In a previous post I asked whether the study by Claxton et al can or should inform the cost-effectiveness threshold used by NICE. The authors argued that, “it is the expected health effects … of the average displacement within the current NHS … that is relevant to the estimate of the threshold.” Accepting this premise, the authors aimed to estimate the average net effect (in terms of QALYs) that has historically resulted from contraction and expansion of the healthcare budget. I want to explore here briefly whether their empirical estimates can indeed be interpreted as such.
When the healthcare budget contracts we may remove services or technologies with a low cost-effectiveness and when it expands we may implement services or technologies with a high cost-effectiveness. The argument is that we don’t want to reimburse a new technology that has a lower cost-effectiveness than what the healthcare service already achieves in practice when the budget changes, which is the net effect of contraction and expansion. The approach taken by Claxton and colleagues to estimate this effect was to use local healthcare authority level data on healthcare expenditure across different programmes of healthcare (e.g. respiratory healthcare or oncology) and examine how changes in this expenditure affected healthcare outcomes, such as mortality. Since healthcare expenditure is likely to be correlated with unobservable determinants of mortality, the authors adopted an instrumental variables approach.
At this point it is important to note that total healthcare expenditure may vary for two reasons. On the supply side, there may be changes in unit costs or shifts in the overall budget constraint; on the demand side, population health may change affecting the need for healthcare, the identity of the patients, and the types of services demanded as well as reductions in the use of healthcare by current patients. I would argue that it is the supply side changes that we are interested in here. Demand side changes may shift which programmes are utilised, and the resulting productivity of those programmes, since the characteristics of the patients will change.
The estimates from an instrumental variables estimator can be interpreted as the local average treatment effect (LATE) which is the average effect of a change in the variable of interest (in this case healthcare expenditure) resulting from a change in the instrumental variable (IV). The IVs utilised by Claxton et al are socio-economic variables (such as the index of multiple deprivation and the proportion of the population providing unpaid care). These variables are arguably on the demand and supply sides since they both affect population healthcare needs leading to different populations being treated and may affect the healthcare utilisation of current patients.
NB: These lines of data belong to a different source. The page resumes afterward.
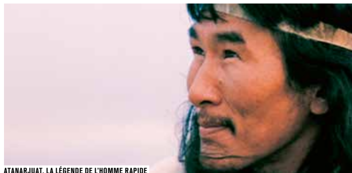
ATANARJUAT, LA LÉGENDE DE L'HOMME RAPIDE

• RENDEZ-VOUS À KIRUNA D'ANNA NOVIN France fict. 2012 coul. 1h37 (cin. num.) voir p.44
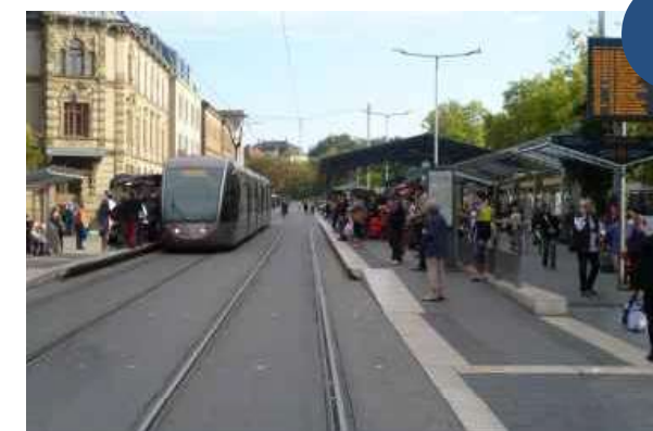
Fotomontage: Stadtbahnhalte am Zentralen Omnibusbahnhof (ZOB)

Aldingen wohnen, bequem und schnell in die Ludwigsburger Innenstadt zum Arbeiten, Einkaufen oder einfach nur zum Bummeln fahren. Wenn weniger Autos durch die Stadt fahren, profitieren davon auch die Passanten, Radfahrer und das Klima.
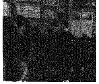
親子いっしょの楽しいレク。一こま一こまが話さなくとも通ずる親子の対話であり教育でもあり、有意義な一日を過ごしていたようです。(原稿・写真とも板井小より)
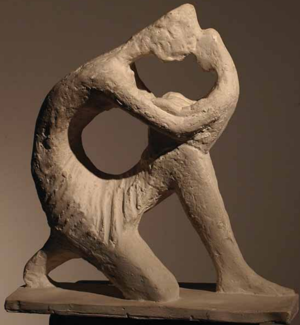
Majka i dijete
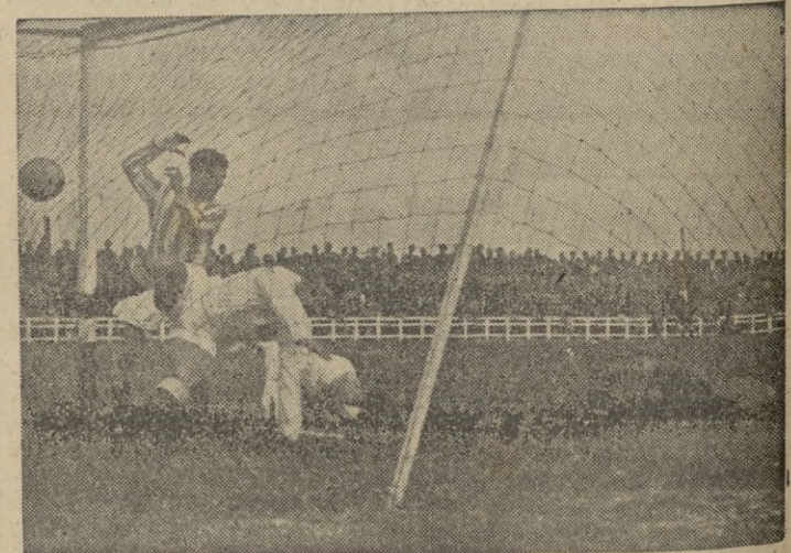
El único tanto ceutí. Abad mata valientemente un balón centrado por Morla.
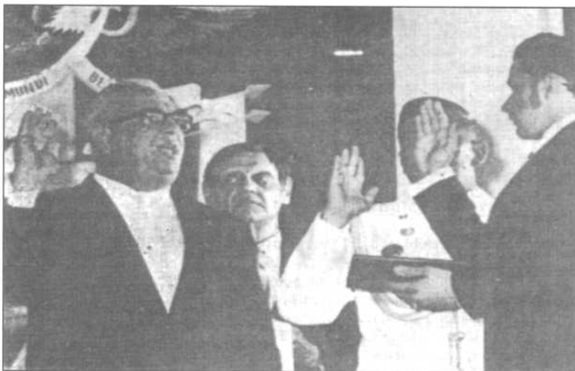
Demetrio B. Lakas asume la Presidencia de la República en octubre de 1972.
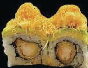
X8 Drago Special roll gambero fritto con avocado, tartar di gambero cotto con tobiko leggermente piccante, maionese, chips e teriyaki € 12.00
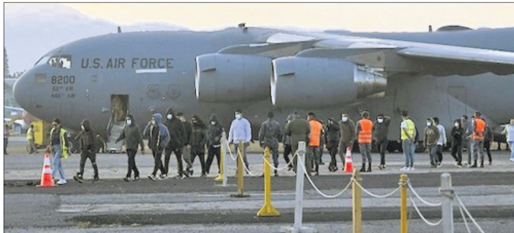
ବନ୍ଦରରେ ପଞ୍ଜାବ ପୋଲିସ୍, ଅନୁତସର ଯାତ୍ରା ପରେ ସେମାନଙ୍କୁ ଘରକୁ ଯିବାକୁ ଜିଲା ପ୍ରଶାସନର ଟିମ୍ ଏବଂ ଆମେରିକୀୟ ବୃତ୍ତବାସର କର୍ମଚାରୀ ଉପସ୍ଥିତ ଥିଲେ। ସୁରୁ ଅନୁଯାୟୀ, ଆବଶ୍ୟକ

ଆମେରିକାରୁ ପ୍ରଥମ ପର୍ଯ୍ୟାୟରେ ବିତାଡ଼ିତ ହୋଇଥିବା ୧୦୪ ବେଆଇନ୍ ପ୍ରବାସୀ ଭାରତୀୟ ବୁଧବାର ଏକ ଆମେରିକୀୟ ମିଲିଟାରୀ ଏୟାରକ୍ରାଫ୍ଟରେ ପଞ୍ଜାବର ଅନୁତସରସ୍ଥିତ ଗୁରୁ ରାମଦାସ ଜୀ ଅନ୍ତର୍ଜାତୀୟ ବିମାନବନ୍ଦରରେ ପହଞ୍ଚିଛନ୍ତି। ଉକ୍ତ ବିମାନରେ ୭୯ ଜଣ ପୁରୁଷ ଓ ୨୫ ଜଣ ମହିଳା ଥିଲେ। ସେହିପରି ୧୩ ଜଣ ପିଲା ମଧ୍ୟ ଏହି ବିମାନ ଯୋଗେ ଭାରତ ଫେରିଛନ୍ତି। ଆମେରିକାରୁ ବିତାଡ଼ିତ ହୋଇ ଆସିଥିବା ପ୍ରବାସୀଙ୍କ ମଧ୍ୟରେ ଗୁଜରାଟ ଓ ହରିୟାଣାର ୩୩ ଲେଖାଏଁ, ପଞ୍ଜାବର ୩୦, ମହାରାଷ୍ଟ୍ରର ୩, ଉତ୍ତରପ୍ରଦେଶ ଓ ଚଣ୍ଡିଗଡ଼ରୁ ୨ ଜଣ ଲେଖାଏଁ ରହିଛନ୍ତି। ଏହି ଅବସରରେ ଅନୁତସର ବିମାନ
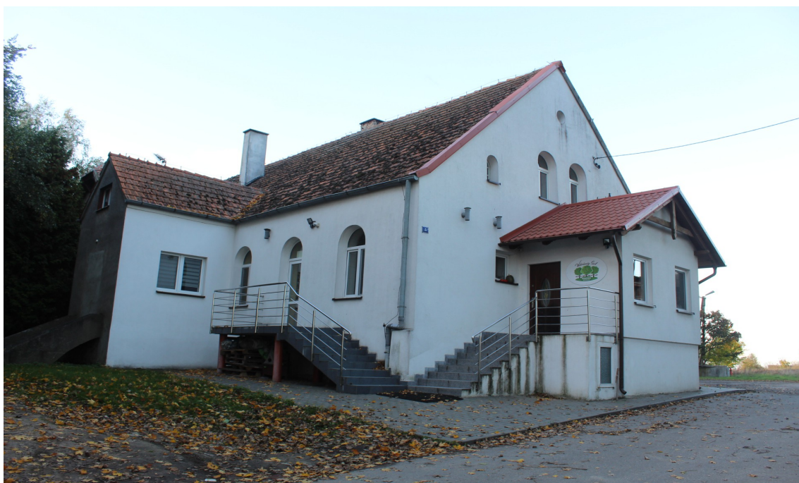
Ilustracja 92. Lichnowy, ul. Parkowa 7. Budynek w zespole dworsko-parkowym. Dwór w charakterze wiejskim.
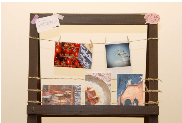
【2】ブースのデコレーションイメージ サンプルイメージ

※【2】写真のブースのデコレーションはあくまでも、サンプルイメージです。色々なパターンに出来ます。
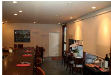
席数は20席。予約した方が無難

天使の翼を意味する「aletta」さんは、毎日築地より仕入れる新鮮な鮮魚、京都と神奈川の契約農家より直送の色鮮やかな野菜、厳選した肉類を使って季節の食材の味わいを最大限に活かす和やフレンチ等の技法も用いたイタリア料理店。自家製の手打ちパスタも常時5、6種類用意。グラスワインの豊富さも嬉しい気さくなお店です。
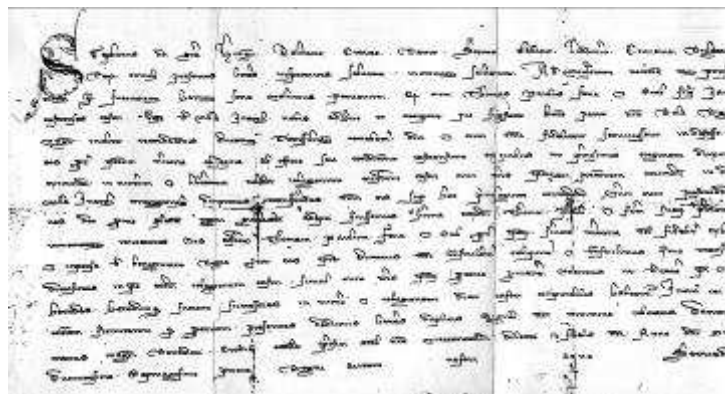
V. István 1271. évi oklevele

Az Inárcs és Kakucs középkoráról készült első tanulmány már 1982-ben világos képet rajzolt községiünk és temploma középkori elődjéről. Ezek helyét a Rákóczi, a Kecskeméti út és a vasút háromszögében már az 1970-es években lokalizálták a cserépedények, csont- és fémeszközök szórványelelei s a templomrom köveinek egyre gyérülő maradványai. Ezt a képet pontosította a teljes körű forráskutatás, melynek – régészeti terepbejárással kiegészült – eredményeit mind a szakma, mind a lakosság számára hozzáférhetővé tette az 1995-ben megjelenő kétkötetes Inárcs története, s újabb adatokkal gazdagította a templom maradványainak régészeti feltárása 2000 nyarán.
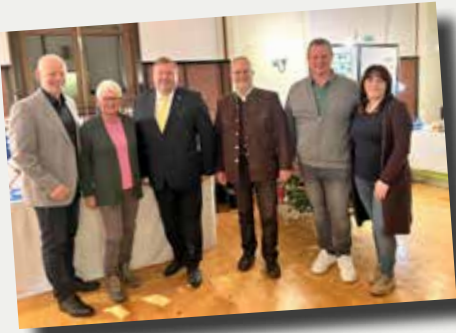
Adventempfang unter dem Motto "Glanzlichter des Jahres"
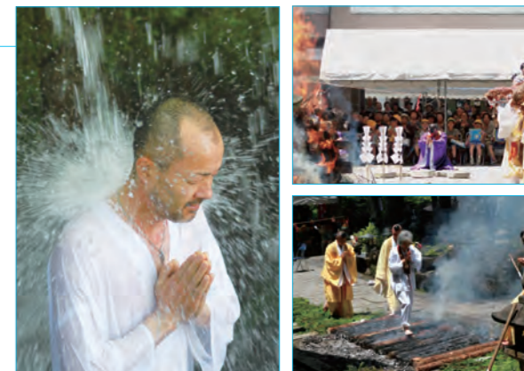
▲ 護摩祈祷・火渡り・滝修行の様子

県内外から訪れた大勢の人達が見守る中、護摩祈祷が行われ、僧侶は弓や太刀で邪気を払い、読経を唱えながら護摩壇を燃やしました。僧侶や信者、一般参加者が、素足で燃やした護摩壇の木の上を渡る火渡りや滝修行を行い、五穀豊穡や無病息災を祈願しました。

The empirical estimates of Claxton et al may therefore possibly be interpreted as the effect of both changes due to contractions and expansions of the budget (the effect of interest) and a change in the programmes of care provided, the treatments within them, and their productivity resulting from changes to population health needs and the identity of patients.*
Overall, I think that even if we accept the authors’ arguments about why they are trying to identify this effect, their empirical strategy may possibly not identify it.
*It may be argued that a test of over-identifying restrictions (OID), which tests if the instruments are correlated with the errors, would detect if these instruments were related to health needs. However, note that we are looking within a programme of care, for example, cancer expenditure on cancer mortality so that we are conditioning on having cancer (and being diagnosed with it) in this analysis. Socio-economic variables may be determinants of getting cancer or which type of cancer a patient gets but may not be determinants of (i.e. are independent of) the health outcomes from cancer once we’ve conditioned on having cancer and some other factors determining health outcomes. They may therefore pass the OID test.